Members of Vanamali, City Terrace Garden and Mana Vegetable Garden teams on the workshop held in Visakhapatnam to encourage terrace gardening in metropolis.
| Photo Credit:
Special Arrangement
Vanamaali is one in every of three lively and collaborative teams at present shaping the way forward for home gardening in Visakhapatnam. City Terrace Garden and Mana Vegetable Garden are the opposite two which have their very own followings, however typically work collectively on outreach occasions and seed preservation drives.
Mana Vegetable Garden, in explicit, is among the oldest collectives of its variety in the town. It has persistently prioritised native seed conservation and direct help to city gardeners. According to J V Ratnam, co-founder of the group, they distributed over 30,000 seeds and saplings in the previous yr alone. These included brinjal in 27 varieties, 19 styles of girl’s finger, 5 sorts of amaranthus, and 4 sorts of ridge gourd. The seeds are chosen for their adaptability, style, and lineage. “We want people to reconnect with varieties their grandparents once grew,” Ratnam says.
Earlier this week, Vanamaali, Mana Vegetable Garden and City Terrace Garden collectively organised a citywide gathering on the Kalabharati auditorium in Pithapuram Colony. The occasion showcased some miniature fashions of terrace gardens, bonsai formations and additionally served as an annual meet that introduced collectively greater than 1,000 residents from throughout Visakhapatnam who had taken up gardening.
Long tables had been lined with containers of seeds, gardening books and small instruments, whereas the corridors buzzed with exchanges between attendees. Thousands of fruit plant saplings and seeds had been distributed amongst guests, every individual receiving varieties appropriate to their microclimate and rooftop orientation.
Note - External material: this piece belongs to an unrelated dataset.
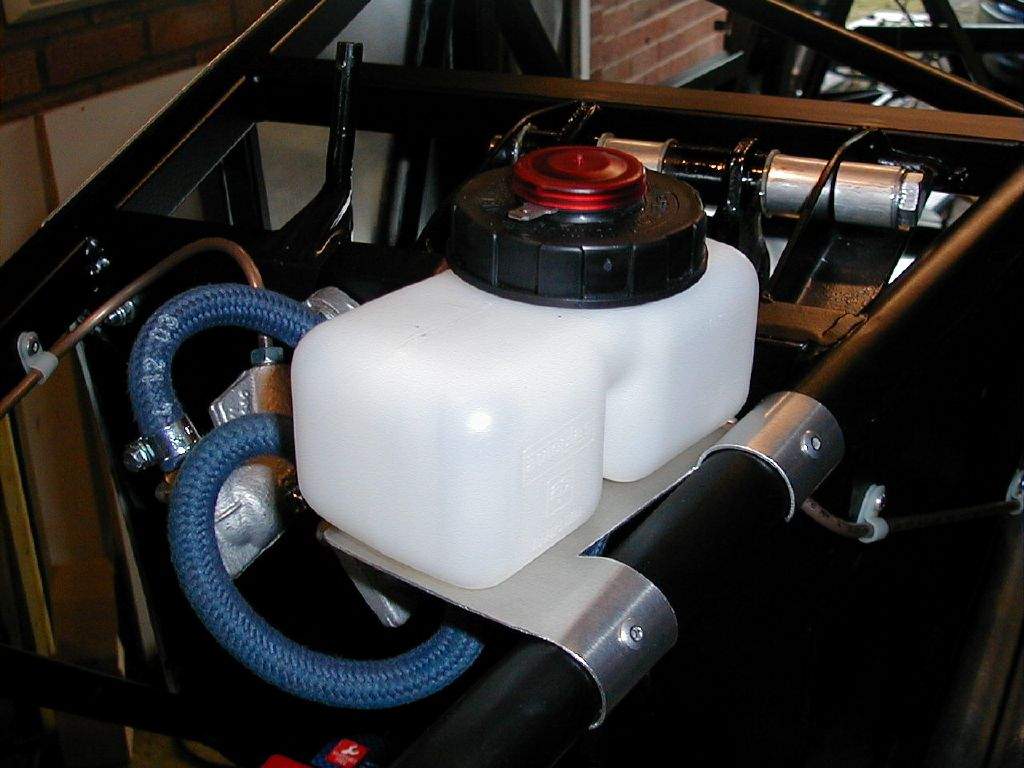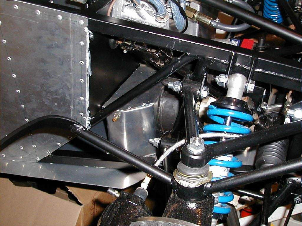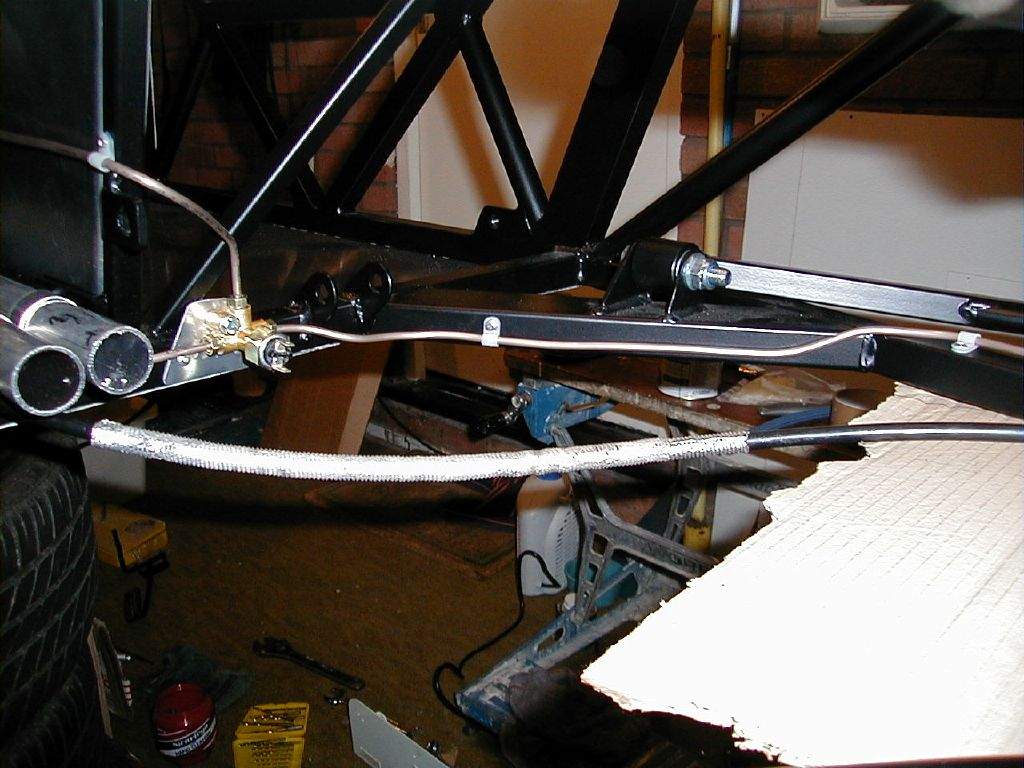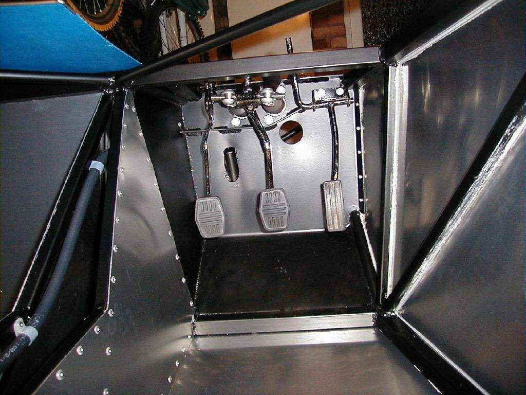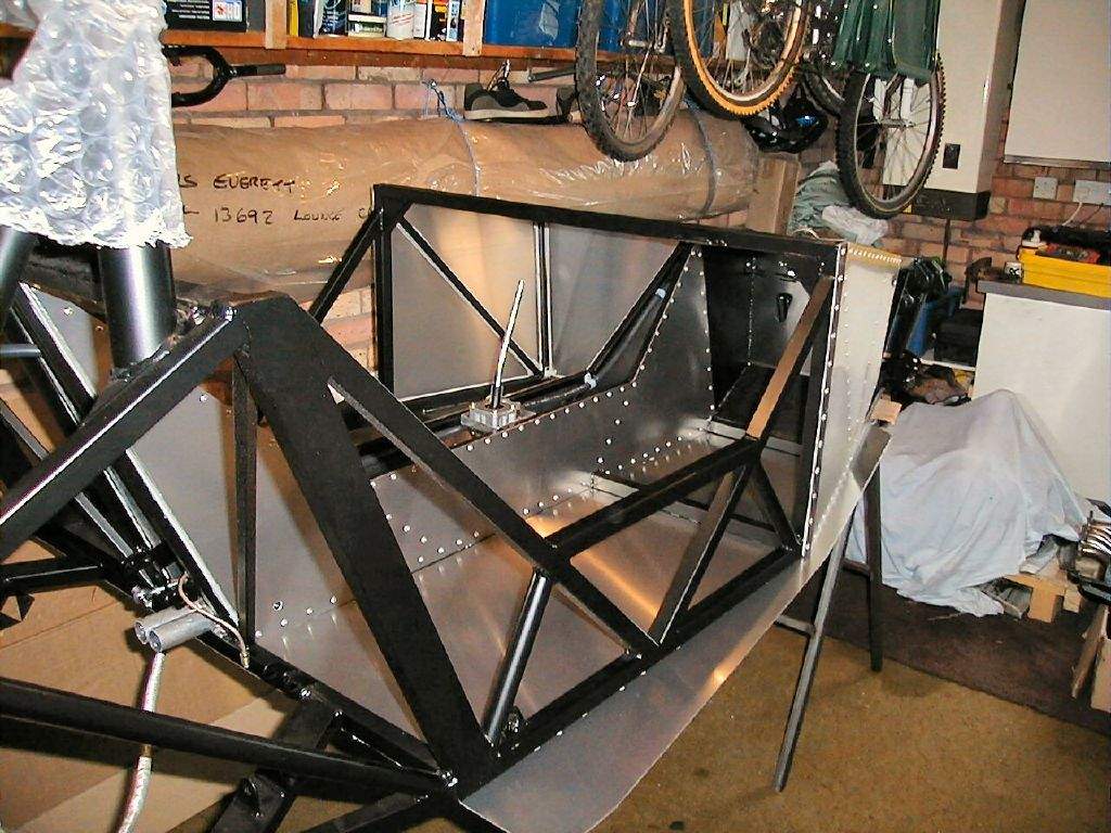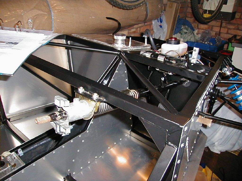 2nd November: 5h00m: The Hammerite was dry enough to start fitting the suspension uprights. I started with the offside front- first step is to fit the top ball joint into the wing stay adapter, then bolt the adapter into the Sierra upright, then offer the whole assembly up to the wishbones and bolt in place. Next, I fitted the steering rack, and then the other 3 uprights, and then the OSF disk, caliper & pads. 3rd November: 0h45m: Had a trial fit of the nose to see if I would be able to use the VW Polo radiator (as many Westfield owners use) that I had bought (on the understanding that I could return it if I couldn't make it fit!). Looks as though it should be possible. Update: The Polo radiator was later returned as I decided it was just too tight a fit. A Maestro 1.3 radiator is very slightly smaller, and looks as though it will do the job- and slightly cheaper as well! Fitted the OSR brake caliper, and realised that I would have to make a very minor mod to the pad back plate to stop them rubbing on the centre section of the brake disk (remember these are Sierra calipers gripping a Fiesta disk, so not as Mr. Ford intended!). 4th November: 1h15m: Fitted the NSF brake caliper, disk & pads. Started work on the front brake lines- one run from the master cylinder to a T-piece on the top front chassis rail, and then 2 runs out to the flexible hoses on either side. 6th November: 0h30m: Worked for a little longer on the front brake lines. 7th November: 2h00m: Continued with the front brake line. This was quite fiddly as lots of bends were required in a fairly restricted area. Made up a small bracket from some scrap aluminium to support the T-piece. Modified the rear brake pad back plates to clear the disks, and then completed fitting both rear brake calipers. 10th November: 1h45m: Started on the rear brake lines. This was another fiddly job, and required another small bracket to be made to support the T-piece. The T-piece also needs filing down slightly to ensure that the brake lines screw in far enough to create a tight joint. 11th November: 1h00m: Painted the pedals. 12th November: 2h00m: Trial fitted the pedals to the pedal box to decide on the pedal spacing. I went out and measured the spacing on my Leon and Liz's Ka as a reference, knowing that I can heel and toe in the Ka, but not in the Leon. 2¼" seems to be the gap required between the brake and accelerator, so that's what I went for. The clutch pedal was spaced to centralise between the brake and the tunnel. With spacings decided, I made up three aluminium spacers from a short length of aluminium tube that came with the kit- these dictated the positions of the brake and clutch pedal. The throttle pedal is mounted on it's own pivot, which required the end plate of the footwell to be drilled to suit. 14th November: 0h30m: Began making a template for the brake fluid reservoir bracket. 15th November: 3h30m: Continued making the bracket for the brake fluid reservoir. This was a fiddly job but I'm pleased with the end result. Moved on to fit the handbrake cables. Fitting the end of the cable to the lever on the caliper is a difficult job, they are not designed to come back off in a hurry (I remember that removing the cables from the original calipers in the scrap yard required a lot of brute force!). Zip tied the cables to the lower wishbone and fed around to the rear of the tunnel. As instructed in the manual, I didn't connect to the handbrake as yet- the brake system needs filling and bleeding first. Removed the two radiator pipes from the tunnel to form the required bends- again, lots of brute force required! 17th Nov: 1h00m: Spent some time working out how to package my newly acquired heater matrix and blower (from a Fiat 126!) I don't want to mount to the front end of the tunnel (inside the cockpit) as I think this looks ugly, and I don't think I'll have room to mount it slung below the front scuttle without it hanging down into view. So, I'm looking at the possibility of locating it in front of the driver's footwell, and moving the battery to a central position slightly further forward in the nose. I wasn't too happy with the battery just in front of the footwell as the clutch cable gets in the way, so this seems to be a better solution. It will mean ducting the resulting hot air over the top of the pedal box, but I think it might just work. I'll need to fabricate a new housing for the matrix and blower, to suit the new location and orientation. 18th Nov: 1h15m: Made up a bracket for the throttle cable and throttle pedal top-stop from aluminium extrusion. 19th Nov: 1h00m: Package arrived from Sylva containing my sump, lower steering column and fuel tank. I was straight on the phone to Jeremy as unfortunately the sump had been modified incorrectly: the wrong corner had been removed! Jeremy couldn't believe his mistake, but a second sump will be on its way soon. Tried the fuel tank in place and trial fitted the steering column to make sure it all went together well (I'm paranoid after the sump 'issue'!). The lower column will need removing again for painting. 20th Nov: 2h00m: Trial fitted my second attempt at a radiator- this time from a Maestro 1.3 as suggested in the build manual. It is still going to be a fairly tight fit, but it's been done before, so should be OK. Came up with a pattern for the new heater housing, and began to cut out of 20G aluminium panel. I'm trying to make this out of a single section with multiple folds.... Not sure whether I'll be successful, but decided it was worth a try! 23rd Nov: 3h30m: Finished cutting out the heater housing, and then began making all the folds. This was hard work, but my calculations and measurements proved to be accurate enough- the heater matrix fitted well. I then cut out a hole in the housing to suit the blower unit, and then mounted this in place. It's all a tight fit in the front- but that was part of the challenge! 24th Nov: 3h00m: Fitted the heater unit in place- it is attached

Dr Okay Vijaylaxmi at her stall of miniature gardens on the workshop by Vanamali, City Terrace Garden and Mana Vegetable Garden teams held in Visakhapatnam to encourage terrace gardening in metropolis.
| Photo Credit:
KR Deepak
Among the individuals was Dr Okay Vijayalaxmi, a gynaecologist who has been concerned with plant cultivation since childhood. “In Warangal, my childhood home stood on six acres. I began gardening when I was around 10,” she recollects. After relocating to Visakhapatnam and dealing with spatial limitations, she turned to miniature gardening and bonsai. She now grows an in depth assortment of miniature crops, a lot of them organized in handcrafted containers. Recently, she donated 78 miniature gardens to a temple belief in Mysuru.
The movement additionally champions the concept you don’t want huge lands to develop your personal meals. N Jyothi, who co-founded Vanamaali alongside Aruna and Sarita, grows greens at her house at NAD Junction at a terrace backyard that occupies solely 50 sq. toes. Yet she has managed to develop a year-round provide of leafy greens. “For the past four years, I have not purchased any greens from outside,” she says. In small recycled containers, she grows pink gongura and pink amaranthus, varieties not generally discovered in markets. “Unlike a common notion that we need large spaces to cultivate vegetables, it is more about consistency and observation,” she provides.
These teams have constructed a quiet and structured various to standard meals methods. There is little emphasis on novelty. Instead, the work centres on reclaiming misplaced practices, preserving non-commercial seeds and sustaining regular dialogue amongst gardeners.
To be part of the teams, contact 77949 30439, 81213 82753 or 9618325625.